Knife I am replacing:
Currently using an Akifusa blue super migaki 240mm sujihiki which will be relegated to more meat related tasks afterwards.
Knife maintenance:
I have recently started freehand sharpening and have a couple of stones (320,1000,3000 grit). Thus far have been practicing on Dexter-Russell knives we have in the kitchen (which are much sharper now, though that speaks more of 10+ years of home use with no sharpening than anything else; they do cut smoothly through paper without tearing now, so thats something).
Not sure if I want to do anything beyond stropping on the yanagiba myself - mostly due to the fear of wrecking it, plus the few videos I found about the topic had wildly different instructions (flat grind along the edge vs convex grind with mud & natural stones, keeping the angle consistent vs it varying along the entire edge, etc.)

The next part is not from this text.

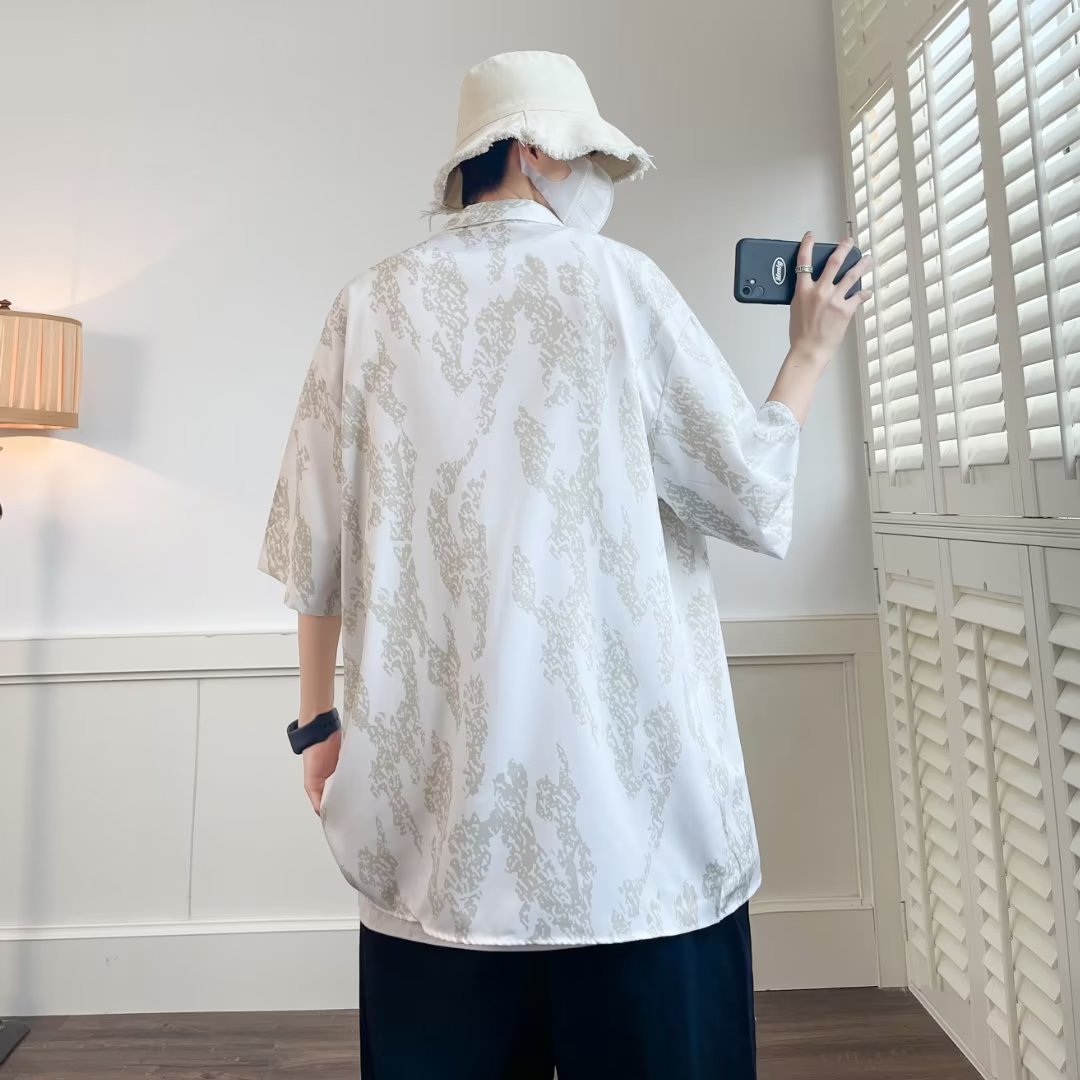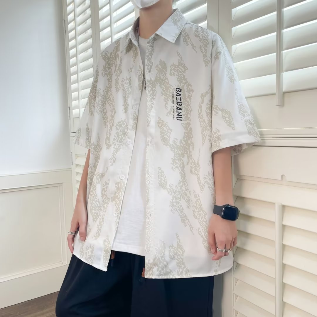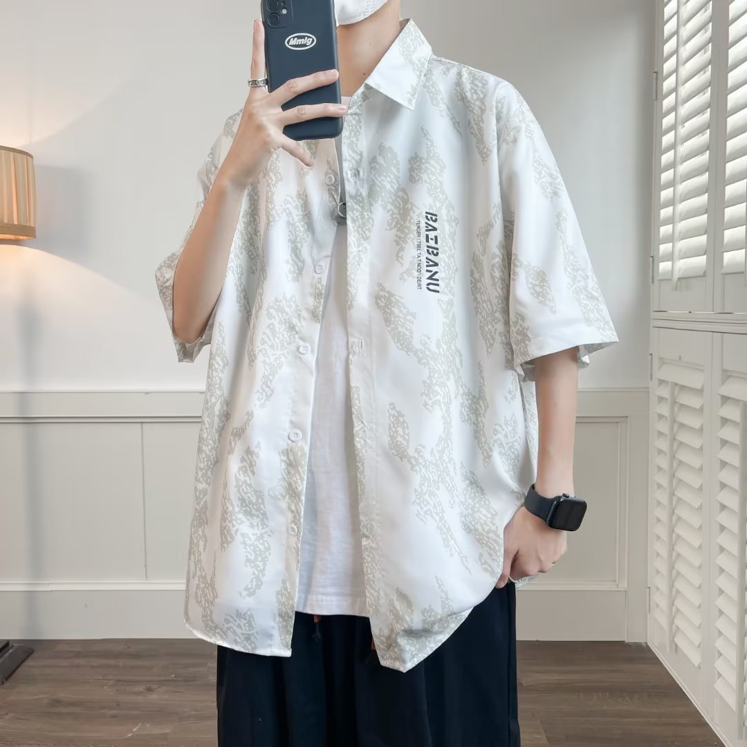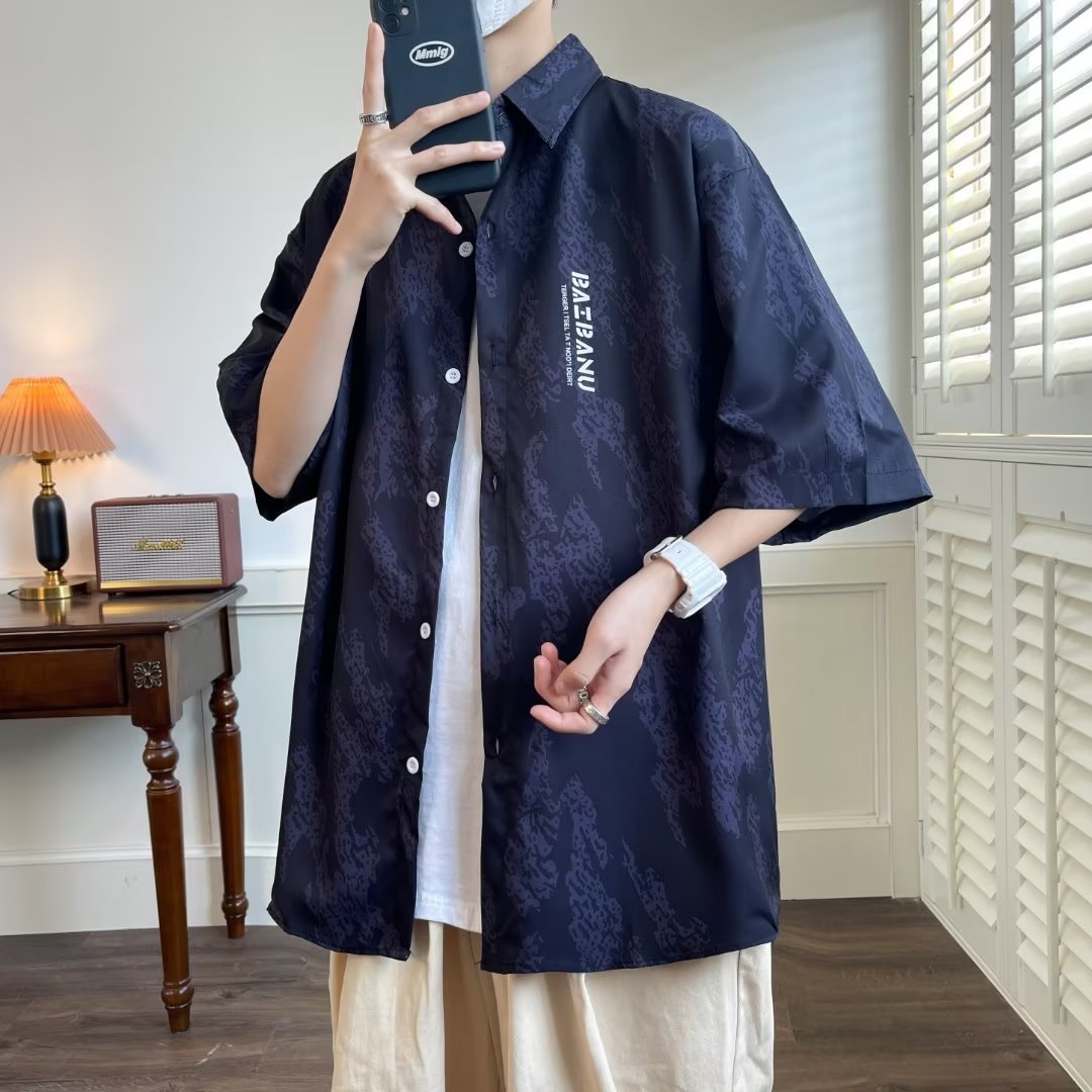 美式休闲短袖衬衫男夏季薄潮牌潮流宽松半袖衣服日系大码衬衣外套
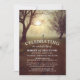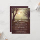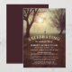 Convite de celebração de vida com funeral com uma trilha rústica, árvores, uma silhueta de espírito e um modelo de serviço memorial fácil de personalizar.

In terms of boards I got a teak wood cutting board that seems to be working well.
Extra:
Anyone have experience with sashimi & nigiri sushi cutting (salmon preferable) with both sujihiki and yanagiba that could share their experience? The only comparisons online I found gravitate towards the "if its for sashimi, yanagiba is the only option" opinion, with those mentioning sujihiki knives state that their knives were thinned extensively / turned into single bevels (not sure how) in order to get the same cutting performance.